• Instructions to follow:
Output exactly, and only, the lines below from the one with "GT OIL 8809059407943" down to the one with "El Ayuntamiento de". Include both end lines and no pictures.

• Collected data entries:
---

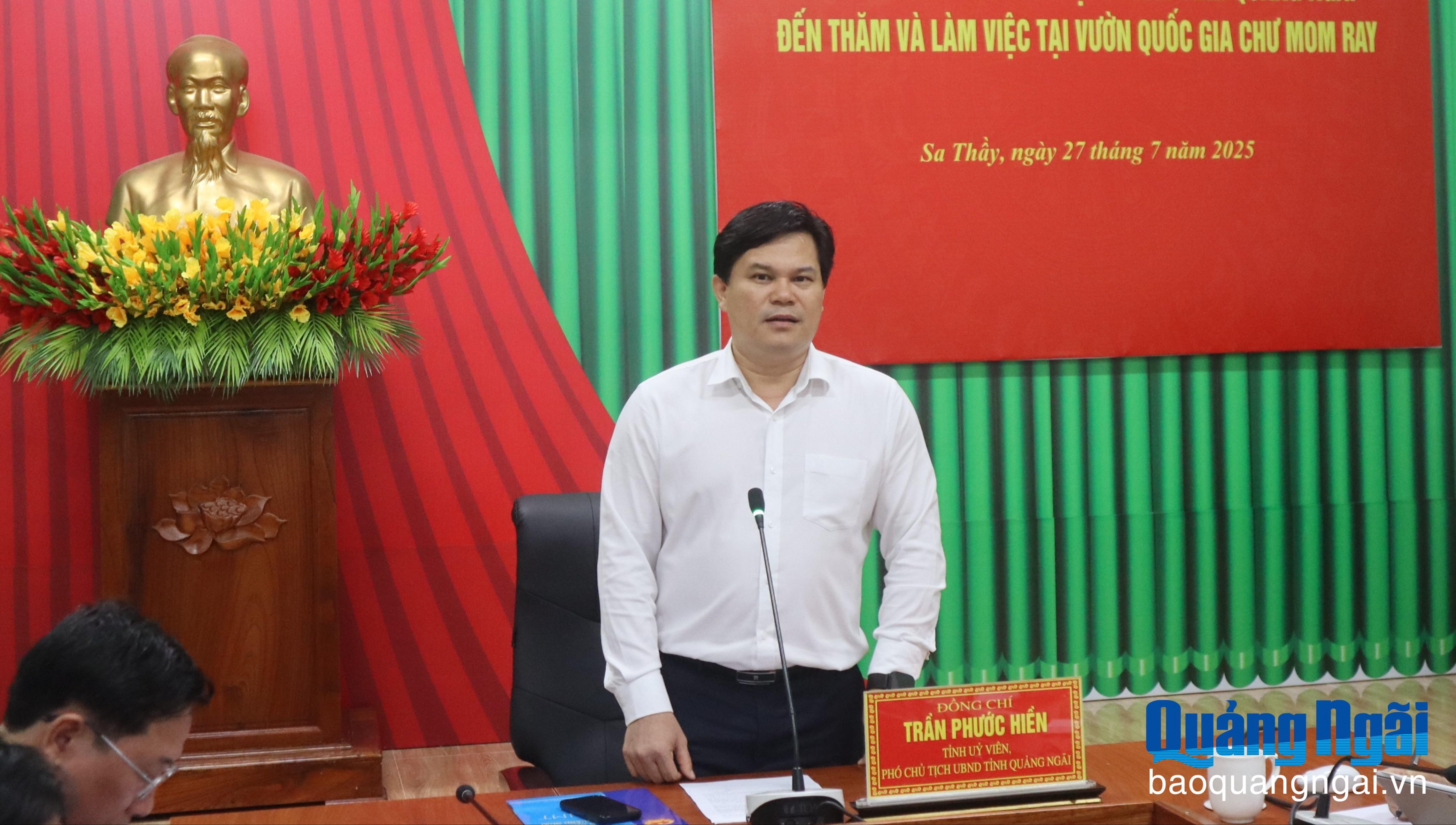 (Baoquangngai.vn)- Phát biểu chỉ đạo tại buổi làm việc, Phó Chủ tịch UBND tỉnh Trần Phước Hiền đề nghị Ban Quản lý Vườn Quốc gia Chư Mom Ray cần nghiên cứu đẩy mạnh phát triển du lịch sinh thái gắn với phát triển rừng bền vững.
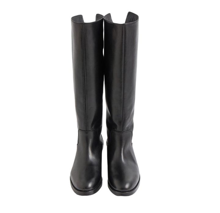 黒バックスリットロングブーツ(3)/Little One Vintage(Shinzone ルミネ新宿店) 厚みとツヤが美しいイタリアンレザーを使用。背面のスリットは切れ味を生むだけでなく、動きやすくする利点もあり。スキニーなどをINしたときも締めつけはなし。
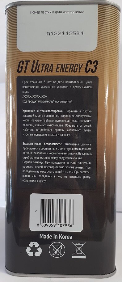 GT OIL 8809059407943 Масо моторное синтетическое всесезонное GT Ultra Energy C3, SAE 5W-30, API SM,SN/CF, 20
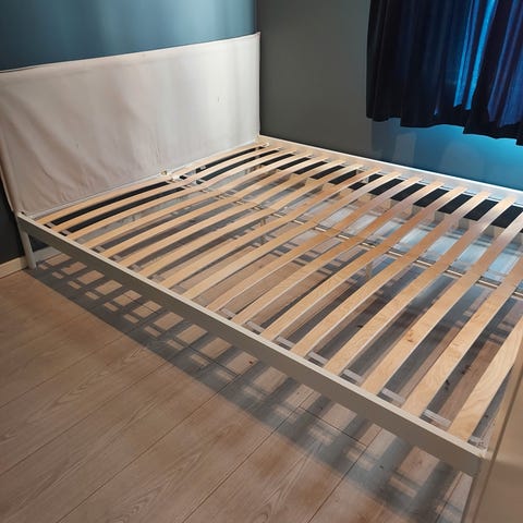 Kontinentalseng fra bohus. Har kloremerker etter katt, og planker i bunnen er knekt et par plasser, men de er reparert så sengen kan fint brukes. Sengen ligger lagret flatpakket, så den må skrus sammen igjen.
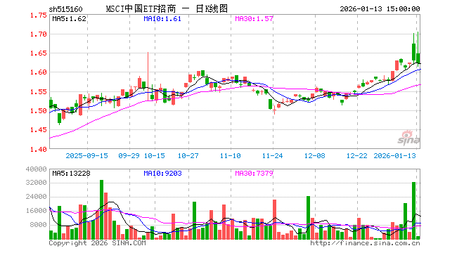 1月13日,MSCI中国ETF招商(515160)跌0.37%,成交额22.49万元。当日份额减少200.00万份,最新份额为2.94亿份,近20个交易日份额减少1000.00万份。最新资产净值计算值为4.78亿元。
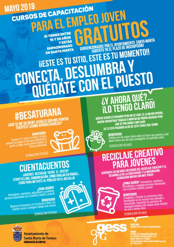 El Ayuntamiento de Santa Marta en su compromiso por el empleo de los más jóvenes, pone a su disposición una amplia oferta formativa con el objetivo de:
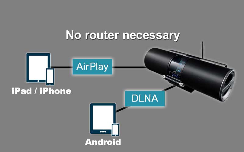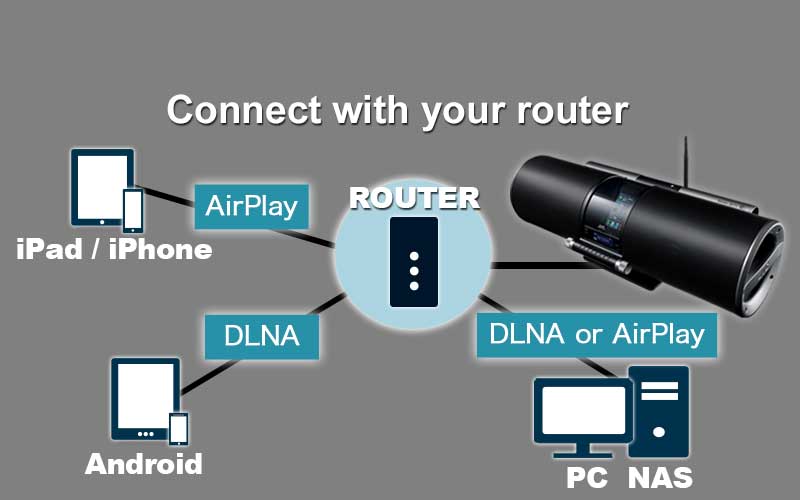 RV-S5 features wireless play with AirPlay and DLNA. Connection is very easy with only a few steps, it is unnecessary to prepare a router. You can just use wireless play from day one. Or if you have a router, you can play all the music stored in your server like a NAS. It’s a powerful and smart way to enjoy your music.
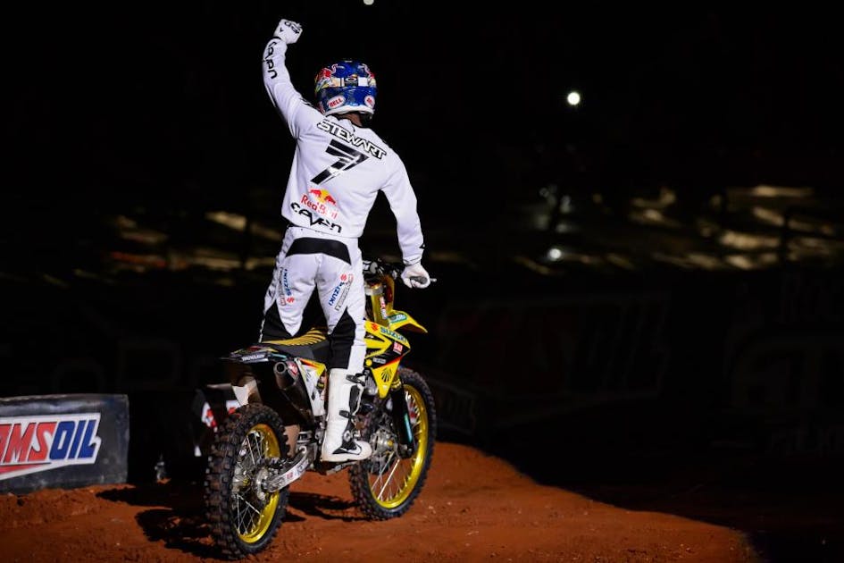 Throughout the day at round eight of Monster Energy Supercross, at the Georgia Dome in Atlanta, the vibe seemed to be pumping James Stewart’s way. Pit pundits thought Stewart could be the man to beat. And he topped qualifying practice. Won his heat race. Then, when the stadium flashed its text to vote display on the big screen before the main event, the crowd went with Stewart as the favorite for the win.
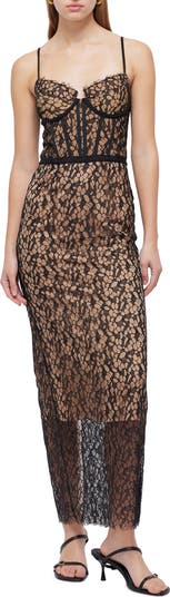 Lovely lace romances this night-out dress designed with a bustier bodice and slender adjustable straps.
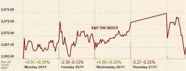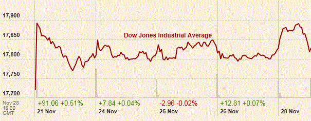 В сокращенную сессию пятницы основные фондовые индексы США незначительно изменились. Акции энергетических компаний обвалились после падения цены на нефть до четырехлетнего минимума на фоне отказа ОПЕК от снижения квот на добычу черного золота. Падение энергетиков компенсировал рост компаний розничной торговли, так как американские покупатели создают ажиотаж в магазинах в "черную пятницу". Как отмечают в Федерации розничной торговли США, в этом году в "черную пятницу" и следующие за ней выходные магазины посетят более 140 миллионов покупателей, которые в среднем потратят на покупки порядка $300. Также в федерации ожидают, что в текущем году расходы потребителей, которые они потратят в этот период, вырастут на 4.1% по сравнению с прошлым годом и достигнут $616.9 млрд. Онлайн продажи, как ожидается, покажут еще более значительный рост, который может составить от 8 до 15 процентов.

---

• Result of this task:
 GT OIL 8809059407943 Масо моторное синтетическое всесезонное GT Ultra Energy C3, SAE 5W-30, API SM,SN/CF, 20
 Kontinentalseng fra bohus. Har kloremerker etter katt, og planker i bunnen er knekt et par plasser, men de er reparert så sengen kan fint brukes. Sengen ligger lagret flatpakket, så den må skrus sammen igjen.
 1月13日,MSCI中国ETF招商(515160)跌0.37%,成交额22.49万元。当日份额减少200.00万份,最新份额为2.94亿份,近20个交易日份额减少1000.00万份。最新资产净值计算值为4.78亿元。
 El Ayuntamiento de Santa Marta en su compromiso por el empleo de los más jóvenes, pone a su disposición una amplia oferta formativa con el objetivo de:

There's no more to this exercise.